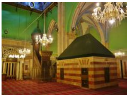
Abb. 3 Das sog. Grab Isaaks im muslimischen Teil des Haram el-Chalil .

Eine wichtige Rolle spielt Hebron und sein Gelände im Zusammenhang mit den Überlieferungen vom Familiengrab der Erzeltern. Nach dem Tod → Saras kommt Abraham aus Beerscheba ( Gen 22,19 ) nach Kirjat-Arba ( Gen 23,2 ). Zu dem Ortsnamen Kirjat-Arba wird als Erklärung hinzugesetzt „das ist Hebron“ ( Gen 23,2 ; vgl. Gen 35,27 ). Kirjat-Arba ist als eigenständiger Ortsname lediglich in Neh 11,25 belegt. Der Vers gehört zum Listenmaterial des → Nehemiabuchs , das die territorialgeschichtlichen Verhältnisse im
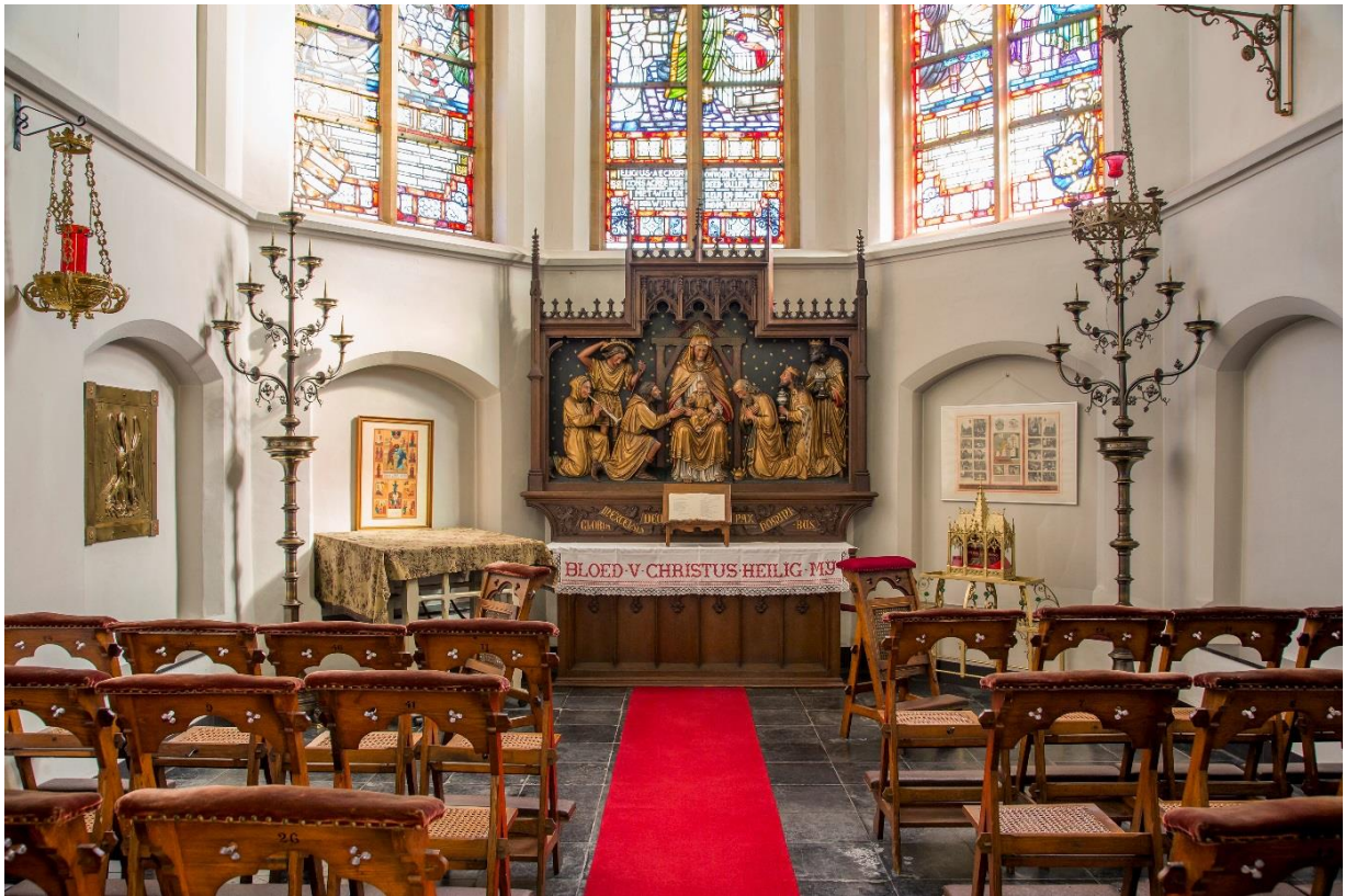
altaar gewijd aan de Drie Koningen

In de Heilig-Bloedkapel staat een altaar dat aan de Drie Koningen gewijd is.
_ _ _ _
Leave the images out and give the rest of the data again exactly.

Abb. 3 Das sog. Grab Isaaks im muslimischen Teil des Haram el-Chalil .

Eine wichtige Rolle spielt Hebron und sein Gelände im Zusammenhang mit den Überlieferungen vom Familiengrab der Erzeltern. Nach dem Tod → Saras kommt Abraham aus Beerscheba ( Gen 22,19 ) nach Kirjat-Arba ( Gen 23,2 ). Zu dem Ortsnamen Kirjat-Arba wird als Erklärung hinzugesetzt „das ist Hebron“ ( Gen 23,2 ; vgl. Gen 35,27 ). Kirjat-Arba ist als eigenständiger Ortsname lediglich in Neh 11,25 belegt. Der Vers gehört zum Listenmaterial des → Nehemiabuchs , das die territorialgeschichtlichen Verhältnisse im
altaar gewijd aan de Drie Koningen

In de Heilig-Bloedkapel staat een altaar dat aan de Drie Koningen gewijd is.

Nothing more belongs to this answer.